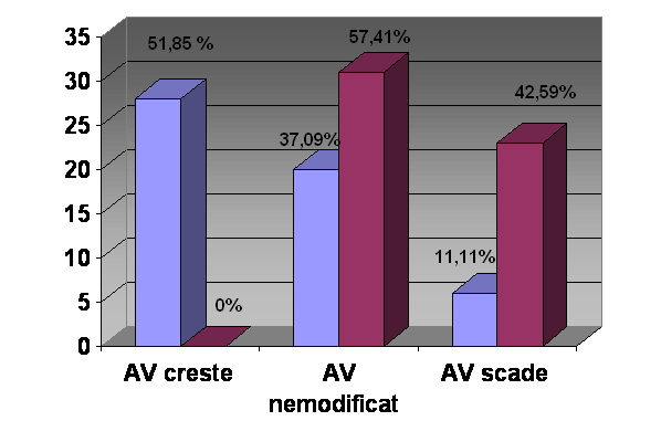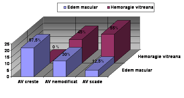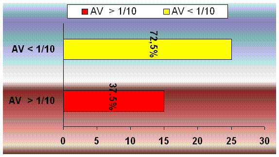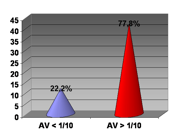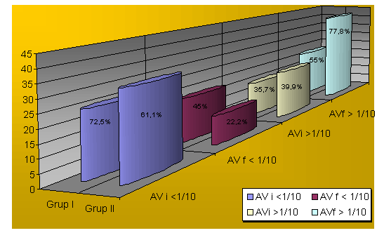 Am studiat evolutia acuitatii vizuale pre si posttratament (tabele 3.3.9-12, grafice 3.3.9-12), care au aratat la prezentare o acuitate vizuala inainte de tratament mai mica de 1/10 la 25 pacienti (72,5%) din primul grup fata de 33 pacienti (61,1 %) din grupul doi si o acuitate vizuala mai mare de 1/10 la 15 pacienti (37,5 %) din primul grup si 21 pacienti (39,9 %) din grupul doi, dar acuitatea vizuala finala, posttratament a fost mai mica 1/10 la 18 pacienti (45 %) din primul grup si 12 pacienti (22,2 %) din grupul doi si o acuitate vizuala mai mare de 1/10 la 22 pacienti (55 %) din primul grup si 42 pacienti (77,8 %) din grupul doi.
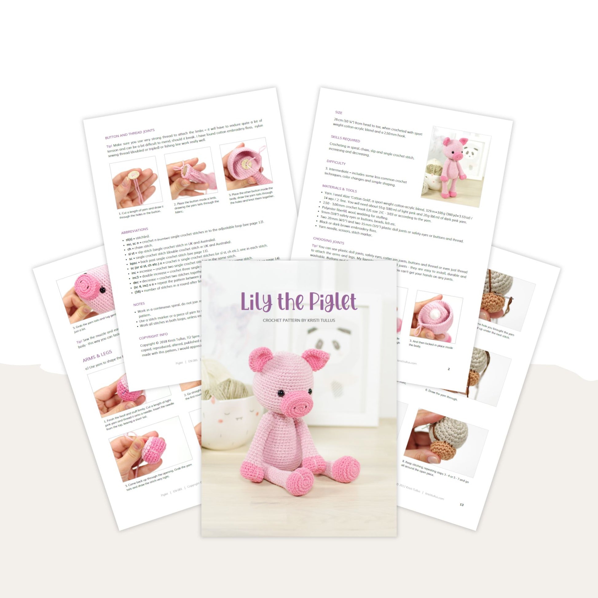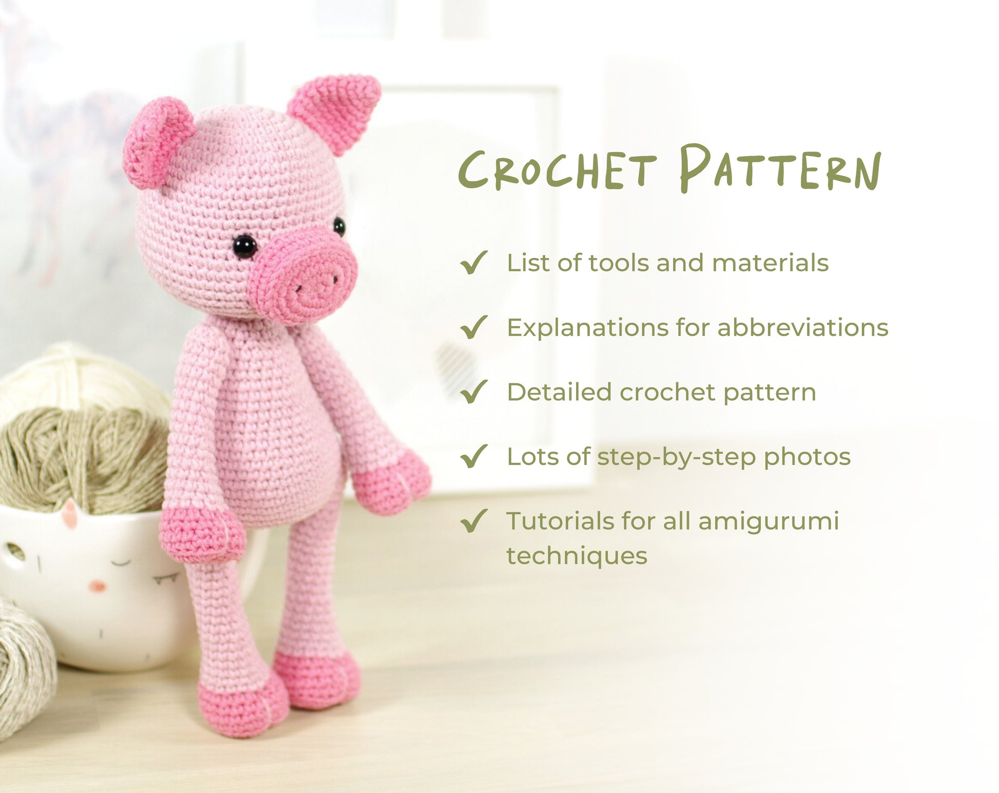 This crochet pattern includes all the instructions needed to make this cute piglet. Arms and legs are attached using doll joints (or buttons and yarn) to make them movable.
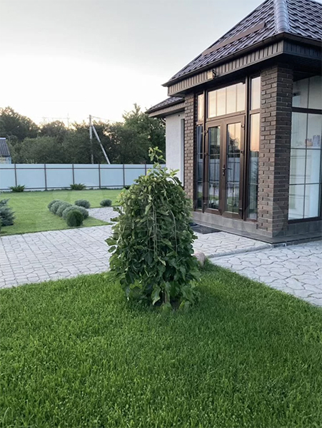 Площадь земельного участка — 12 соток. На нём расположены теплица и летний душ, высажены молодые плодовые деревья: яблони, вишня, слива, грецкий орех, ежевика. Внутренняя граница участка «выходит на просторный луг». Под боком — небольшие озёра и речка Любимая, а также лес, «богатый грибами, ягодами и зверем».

**Action item:** Give again exactly the lines running from the beginning of the material above through the line that contains "This crochet pattern", and leave out every picture.

**Exercise solution:**
 Am studiat evolutia acuitatii vizuale pre si posttratament (tabele 3.3.9-12, grafice 3.3.9-12), care au aratat la prezentare o acuitate vizuala inainte de tratament mai mica de 1/10 la 25 pacienti (72,5%) din primul grup fata de 33 pacienti (61,1 %) din grupul doi si o acuitate vizuala mai mare de 1/10 la 15 pacienti (37,5 %) din primul grup si 21 pacienti (39,9 %) din grupul doi, dar acuitatea vizuala finala, posttratament a fost mai mica 1/10 la 18 pacienti (45 %) din primul grup si 12 pacienti (22,2 %) din grupul doi si o acuitate vizuala mai mare de 1/10 la 22 pacienti (55 %) din primul grup si 42 pacienti (77,8 %) din grupul doi.
 This crochet pattern includes all the instructions needed to make this cute piglet. Arms and legs are attached using doll joints (or buttons and yarn) to make them movable.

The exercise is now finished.